A Canadian's random thoughts on personal finance

Aug 2, 2008

Descriptive budgeting

Budgeting can be a real downer if you've never done it before, since it seems to limit your freedom to do what you want with your own money.

However, let me point out an important budgeting fact: everyone has a budget; it's just that many people don't know what theirs is.

If you've ever wondered why your income doesn't afford you more savings or a better standard of living, the first step in budgeting is to look at it as descriptive rather than prescriptive. What I mean is: don't start by designing a budget to control your expenditures; rather, simply write down what your expenses are.

In the first draft, it doesn't even have to be that accurate; just include the expenses you can think of off the top of your head: housing, groceries, utilities, entertainment, transportation, etc.
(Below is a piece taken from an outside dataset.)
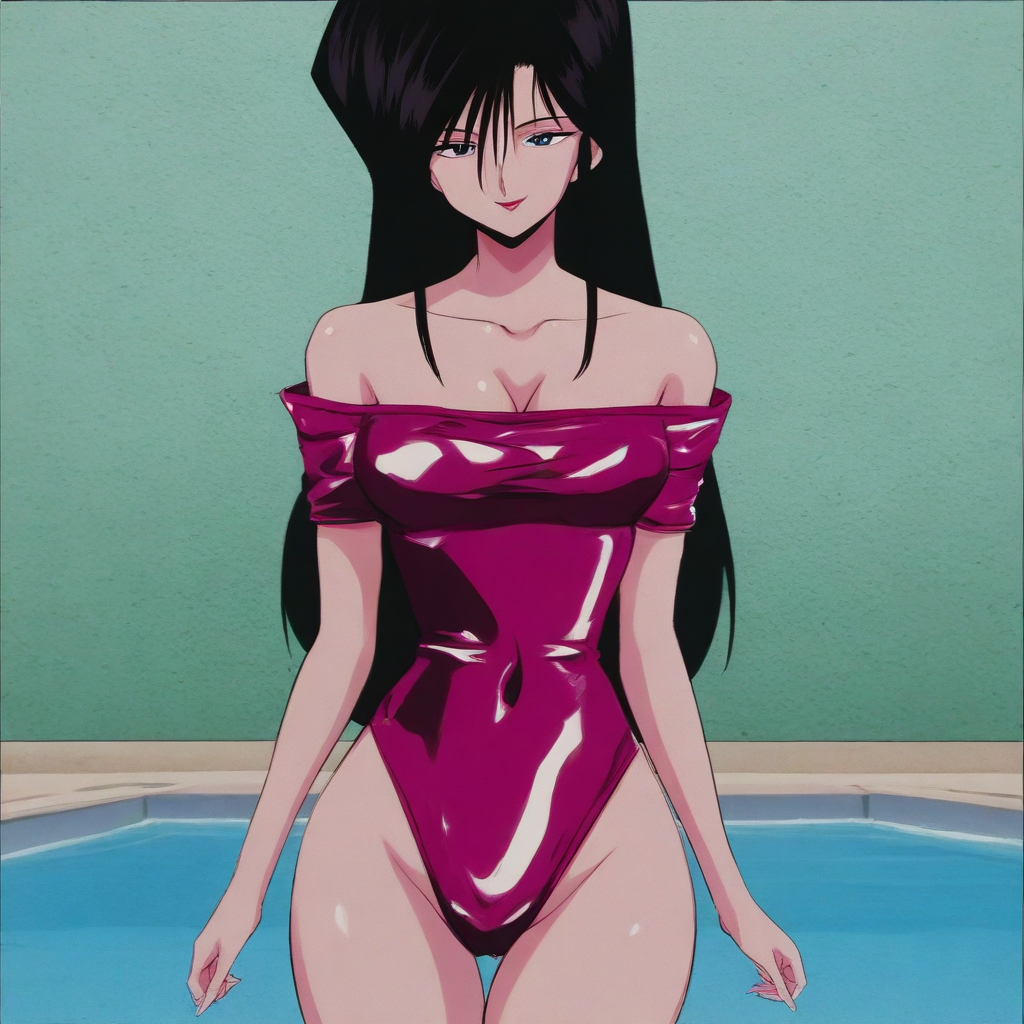 ((섹시하고 에로틱한 어깨 노출 디자인의 어두운 분홍 라텍스 수영복, 거대한 젖가슴, 저속한 젖가슴, )) 검은 렌즈 검은 프레임 선글라스,

Then, for a couple of months, make your purchases by debit card, or (a bit more dangerous for those who aren't good with money) credit card, so you can track your expenses and see whether they match your prediction. Adjust your prediction until you get to a precision that satisfies you, call the remainder "petty cash", and now you've got a good picture of your cash flow.

The bigger the petty cash account, the easier it is to write the budget, but the less precise it is. If you're ok with not knowing where, say, 20% of your income goes, that's fine. Hey, it's your budget.
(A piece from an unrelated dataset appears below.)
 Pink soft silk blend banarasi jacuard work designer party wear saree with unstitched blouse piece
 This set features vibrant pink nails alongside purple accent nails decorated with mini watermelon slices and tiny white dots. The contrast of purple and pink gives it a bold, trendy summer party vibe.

Once you have a budget that matches your actual situation, you can look at it and decide whether you are getting the results you want from your hard-earned money. Only if you are unsatisfied with your budget do you need to modify it and change your spending habits, making your budget increasingly prescriptive until you like what you see. Start with the biggest expenditures, since changes there will have the largest impact on your bottom line. You can refine your budget as you go until you get the effect you want.

And take it easy: unless your debt is spiraling out of control, there's no big rush. For our family, we took a leisurely 7 years or so to refine our initial descriptive budget into our current budget. We tweaked it every time we felt we weren't getting the results we wanted. Encouraged by watching our savings grow, we've now got quite a detailed budget, with just 3% of out income going to petty cash, and the rest accounted for.